American Express and AT&T began marketing small-business cards nationwide in the last year.

What's more, 24% of banks mailed pre-approved credit applications to small-business prospects last year, according to a survey by the Consumer Bankers Association. That has increased from almost none in 1992.

"Anytime a market gets competitive, you end up competing on price," said Martha Hayes, director of small-business banking for First Union Corp., which lends by mail and telephone. "You have to streamline the entire process to lower the costs."

But the push for volume leads banks down the path of cookie-cutter commodity products-and a level of competition akin to that in computer discounting and long-distance telephone services. Banks increasingly are struggling just to differentiate their solicitations from the rest of the junk mail inundating entrepreneurs' in-boxes.

"We are always challenged with competing against other mail solicitations and constantly looking at ways to make ours stand out," said Melonee Hostetler, vice president of Signet Banking Corp., Richmond, Va.

Small-business credit applications look much like credit card applications. Once presented with reams of forms to complete, an owner can now simply return one-page forms to the bank.

"The applications are all the same," said Terri Austerberry, a McKinsey & Co. senior consultant. "You take away the relationship and the geographic constraints and make it more of a commodity business."

The standardization of credit products is leading to another major development that could alter the small-business market's profit dynamics: securitization.

Loans underwritten by similar or uniform means become easier to pool as securities and sell to investors. Small Business Administration loans are routinely securitized and moves are afoot to extend the practice to other business loans.

Banks exploring this method are spurred on by the successes of nonbank SBA lenders and by Wall Streeters eager to devise new types of securities to profit from an extended bull market.

Proponents of securitization say price competition will force banks to use credit scoring and securitize their loans as a way to fuel growth and generate fee income from servicing-in much the same way mortgage bankers don't make money on spreads but on loan servicing and origination income.

"I don't wonder whether it will happen-it's a question of when," Gary Klein, a Signet executive vice president, said of small-business securitization.

Mr. Asch said credit scoring could be used as a basis for creating fairly homogeneous pools of small-business loans with a similar likelihood of repayment.

A bank software company and a California firm that securitizes mortgages already have teamed up to create a company to securitize community bank small-business term loans for equipment and lines of credit backed by accounts receivable.

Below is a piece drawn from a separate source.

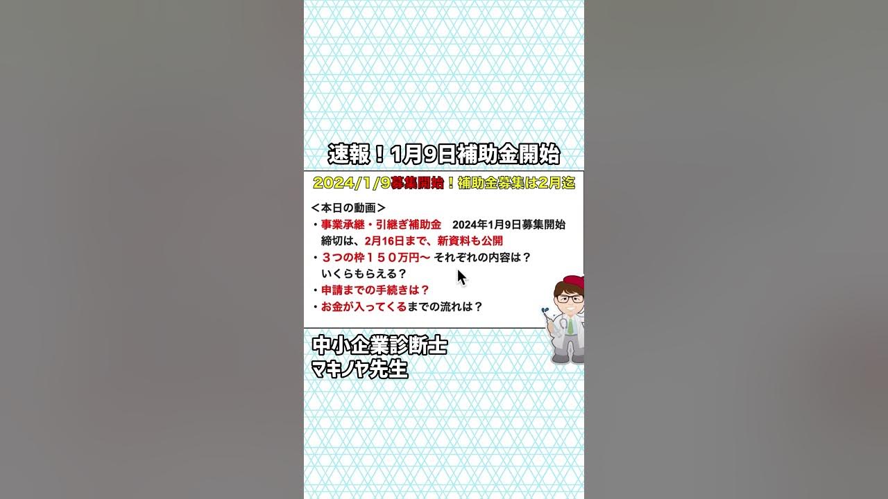 速報1月9日・3つの枠150万円から事業承継引継ぎ補助金の募集開始・2月16日まで・新資料も公開【中小企業診断士YouTuber マキノヤ先生】第1666回.

Thomas Sidley, chief operating officer of the securitizing firm, nicknamed Lori Mae, said it plans to securitize $20 million in small- business loans this year and as much as $120 million next year.

Mr. Sidley said banks that securitize such loans could bring their returns on equity from an average of 15.6% closer to the 25.6% average for finance companies.

"The pattern has already been established," Mr. Sidley said. "If you look at how the mortgage market has evolved, you could see the same thing happening with small business."

Most bankers cringe at the idea that a bread-and-butter business could be reduced to a world of cutthroat competition with razor-thin profit margins. But the momentum may be unstoppable.

At the Consumer Bankers Association's small-business conference, Frederick O. Terrell, chief executive officer of Provender Capital, spoke to more than 100 bankers about the benefits of securitization.

"Is there any reason small business wouldn't look like mortgages?" asked James Manfuso, a consultant with BenchMark 2000.

"Well, since you raised the issue," Mr. Terrell responded with a smile, "That will happen. There are too many forces that are hungry to do it."